(Data items)
::::::::::
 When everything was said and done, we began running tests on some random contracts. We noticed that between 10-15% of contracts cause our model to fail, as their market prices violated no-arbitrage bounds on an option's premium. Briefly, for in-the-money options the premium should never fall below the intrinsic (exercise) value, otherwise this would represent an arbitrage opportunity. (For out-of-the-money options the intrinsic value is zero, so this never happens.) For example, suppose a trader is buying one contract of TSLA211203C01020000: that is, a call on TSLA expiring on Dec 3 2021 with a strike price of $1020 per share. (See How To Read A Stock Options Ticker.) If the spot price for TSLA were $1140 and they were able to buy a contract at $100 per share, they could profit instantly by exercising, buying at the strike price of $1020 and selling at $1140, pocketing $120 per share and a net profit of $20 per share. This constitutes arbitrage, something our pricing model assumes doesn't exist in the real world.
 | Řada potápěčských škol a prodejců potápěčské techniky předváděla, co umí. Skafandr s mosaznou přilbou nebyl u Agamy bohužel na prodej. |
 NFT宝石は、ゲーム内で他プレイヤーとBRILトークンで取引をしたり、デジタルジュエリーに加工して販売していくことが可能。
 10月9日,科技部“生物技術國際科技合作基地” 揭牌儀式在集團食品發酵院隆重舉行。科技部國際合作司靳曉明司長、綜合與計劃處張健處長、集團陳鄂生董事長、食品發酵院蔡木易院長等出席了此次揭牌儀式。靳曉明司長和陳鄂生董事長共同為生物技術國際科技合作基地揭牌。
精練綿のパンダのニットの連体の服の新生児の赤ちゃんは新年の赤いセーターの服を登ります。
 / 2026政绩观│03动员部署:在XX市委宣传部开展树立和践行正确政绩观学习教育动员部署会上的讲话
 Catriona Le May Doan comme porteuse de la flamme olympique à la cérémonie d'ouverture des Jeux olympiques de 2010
::::::::::
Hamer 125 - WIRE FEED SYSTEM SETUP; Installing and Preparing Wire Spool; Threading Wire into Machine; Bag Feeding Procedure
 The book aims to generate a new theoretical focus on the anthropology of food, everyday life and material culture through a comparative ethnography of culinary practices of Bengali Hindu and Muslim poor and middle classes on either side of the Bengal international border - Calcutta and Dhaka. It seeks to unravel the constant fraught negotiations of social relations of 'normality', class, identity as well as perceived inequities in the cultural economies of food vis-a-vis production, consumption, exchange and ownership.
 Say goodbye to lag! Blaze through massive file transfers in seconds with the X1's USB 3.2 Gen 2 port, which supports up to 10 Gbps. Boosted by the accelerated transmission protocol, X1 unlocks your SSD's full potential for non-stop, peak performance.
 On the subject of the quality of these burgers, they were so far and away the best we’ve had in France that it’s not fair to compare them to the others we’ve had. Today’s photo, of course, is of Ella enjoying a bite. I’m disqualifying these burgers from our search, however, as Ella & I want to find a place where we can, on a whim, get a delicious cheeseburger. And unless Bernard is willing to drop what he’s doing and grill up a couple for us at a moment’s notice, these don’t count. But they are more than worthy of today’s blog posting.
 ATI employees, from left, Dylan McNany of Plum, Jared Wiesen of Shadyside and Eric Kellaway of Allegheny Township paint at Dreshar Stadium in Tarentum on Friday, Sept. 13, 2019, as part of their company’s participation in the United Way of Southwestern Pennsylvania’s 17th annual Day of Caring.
::::::::::
Task to carry out: In the entries above, restate word for word the lines between the one holding "NFT宝石は、ゲーム内で他プ" and the one holding "Catriona Le May", inclusive, and nothing besides.

Result of this exercise:
 NFT宝石は、ゲーム内で他プレイヤーとBRILトークンで取引をしたり、デジタルジュエリーに加工して販売していくことが可能。
 10月9日,科技部“生物技術國際科技合作基地” 揭牌儀式在集團食品發酵院隆重舉行。科技部國際合作司靳曉明司長、綜合與計劃處張健處長、集團陳鄂生董事長、食品發酵院蔡木易院長等出席了此次揭牌儀式。靳曉明司長和陳鄂生董事長共同為生物技術國際科技合作基地揭牌。
精練綿のパンダのニットの連体の服の新生児の赤ちゃんは新年の赤いセーターの服を登ります。
 / 2026政绩观│03动员部署:在XX市委宣传部开展树立和践行正确政绩观学习教育动员部署会上的讲话
 Catriona Le May Doan comme porteuse de la flamme olympique à la cérémonie d'ouverture des Jeux olympiques de 2010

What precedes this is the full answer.